However, the one area of the economy that was not disputed during the 1990s was the drug trafficking business, which Anara Tabyshalieva sarcastically called a “model of interethnic cooperation.” Not too sure about the ethnic division of labor in the drug business these days.

Alisher Khamidov also wrote about ongoing tensions in the south. For example, in 2004:

…many Uzbeks to steer clear of the country’s opposition movement, according to one journalist based in Osh, a city with a large Uzbek population. “The reason why Uzbeks play no role in Kyrgyzstan’s opposition movement can be explained by the fact that the opposition movement is dominated by Kyrgyz nationalists,” said the journalist, who requested anonymity. “The rhetoric of these politicians frightens many Uzbeks.”

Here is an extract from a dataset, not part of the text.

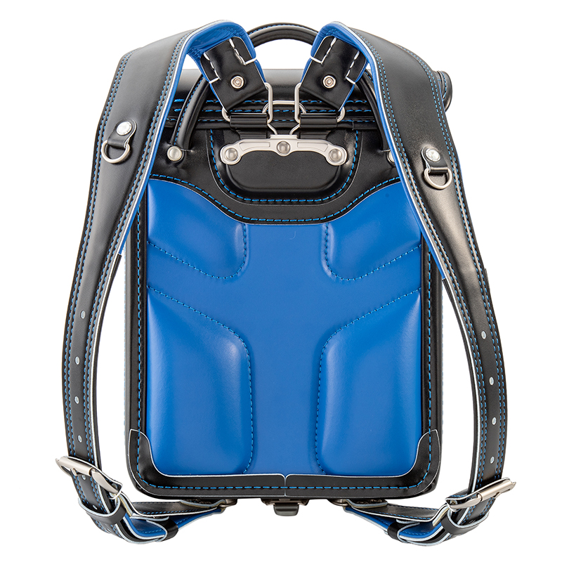 ランドセルが最も折れやすいとされるマチの部分に形状補正樹脂を搭載し、さらに中央部には鉄芯を内蔵。

Uncertainty over the future has already prompted several Uzbek community leaders to join the pro-presidential movement “Alga, Kyrgyzstan!” (Forward, Kyrgyzstan!), the journalist added. Their action is meant not only to protect the status of Uzbeks, but, also, to protect what whatever economic gains that have been made by the Uzbek community during Akayev’s tenure, the journalist said.

As many Uzbek entrepreneurs see it, political change could pose a threat to their economic livelihood. “If new people come to power, they will start extorting money from us, and [the cycle of] corruption will start all over again,” explained Abdurashit, an Osh restaurant owner who gave only his first name. […]

An additional source of discontent is the fact that Uzbeks are underrepresented in regional and local administrations. “It’s time to overcome stereotypes and improve work” in personnel policy, commented Bakhtyar Fattahov, a prominent Uzbek leader, in an interview with the government newspaper Slovo Kyrgyzstana. “In short, the problem exists, and it should not be silenced.”

The opposition he is referring to took power in 2005, something Uzbeks were not too excited about. If you think the above passage only shows tensions at the elite level, Khamidov does have an earlier 2002 article where he wrote:

While political protests and arrests continue their cycle in Kyrgyzstan, some observers have noted a current of ethnic tension in recent incidents. The county’s south, where most protests have centered, is now witnessing violent skirmishes among ethnic Uzbeks, Tajiks and Kyrgyz.

Upheaval increased on November 17 and 18 as police banished hundreds of citizens who were trying to organize a dissidents’ conference in Bishkek. Two hundred of these arrived in the south by bus on November 17. Police had reportedly left 129 of them overnight in the frigid Suusamyr Valley, according to activist Ramazan Dyryldaev. Dissidents have confronted authorities repeatedly since March, when at least five citizens died in clashes with police in Ak-Sui while protesting the imprisonment of parliamentarian Azimbek Beknazarov.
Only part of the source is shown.